The 1920 Olympia Show.
Chater-Lea. (Stand 90.)
2½ h.p.; 70x70 mm. (269 c.c.); single-cylinder two-stroke; drip feed lubrication; Amac carburetter; T.B. chain-driven magneto; two-speed countershaft gear; chain and belt drive; 26 x 3 in. tyres. Price £70.
Chater-Lea, Ltd., 74, Banner Street, London, E.C.1.

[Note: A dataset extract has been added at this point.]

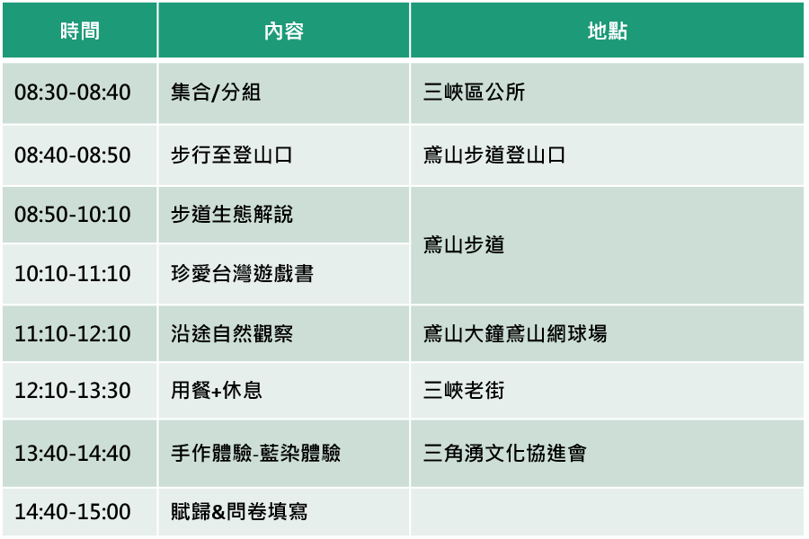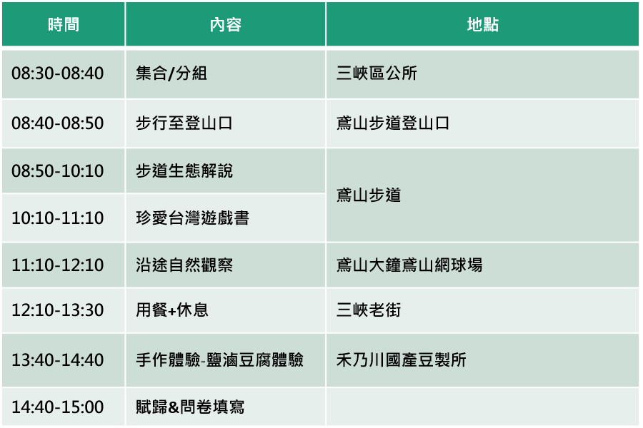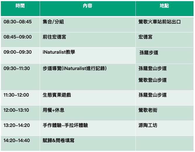 - 所有行程需大家自行攜帶午餐(提醒請勿攜帶過量,並建議攜帶耐放食物)

A pleasing looking little lightweight of standard design is the 2½ h.p. Chater-Lea, black and gold finish being employed. Mudguarding has been particularly well carried out, and the sloping top tube provides a low riding position and neat appearance. A lever control for the magneto is fitted to the tank, which also carries a Best and Lloyd drip feed lubricator. Special Chater-Lea spring forks are, of course, fitted, and a single toolbag is carried on the near side of the carrier. The countershaft gear box is particularly well carried out, and is controlled by a lever and quadrant on the left side of the tank.
8 h.p.; 85x85 mm. (964 c.c.); two-cylinder four-stroke; side-by-side valves; drip feed lubrication; Amac carburetter; T.B. chain-driven magneto; three-speed sliding gear; chain drive; 700x80 mm. tyres.
A luxurious sidecar machine is seen in the 8 h.p. Chater Lea twin. It is of sturdy construction, and a good feature is the fitting of over-sized tyres, all wheels being detachable and interchangeable. A spare wheel is carried at the front of the sidecar chassis by a special lug provided for the purpose. The chain transmission throughout is well guarded, but is not totally enclosed. Features which call for inspection are the special Chater-Lea spring saddle mounting and spring fork.
It is claimed that the combination of the two results in an exceptionally comfortable machine. The power unit is on standard lines, as also is the countershaft gear box. The chain sprocket has combined with it a large drum in which is an expanding brake. Finished in black and gold, the tank accommodates 2½ gallons of fuel, but, owing to the rounded corners, it does not appear unduly large. A large cylindrical silencer, with an extension pipe, ensures the quiet running of the machine. If desired, a Lucas Magdyno may be fitted with electric lighting equipment, this being, of course, an extra. A particularly simple method of detaching the interchangeable wheels is used.
The Motor Cycle, December 2nd, 1920.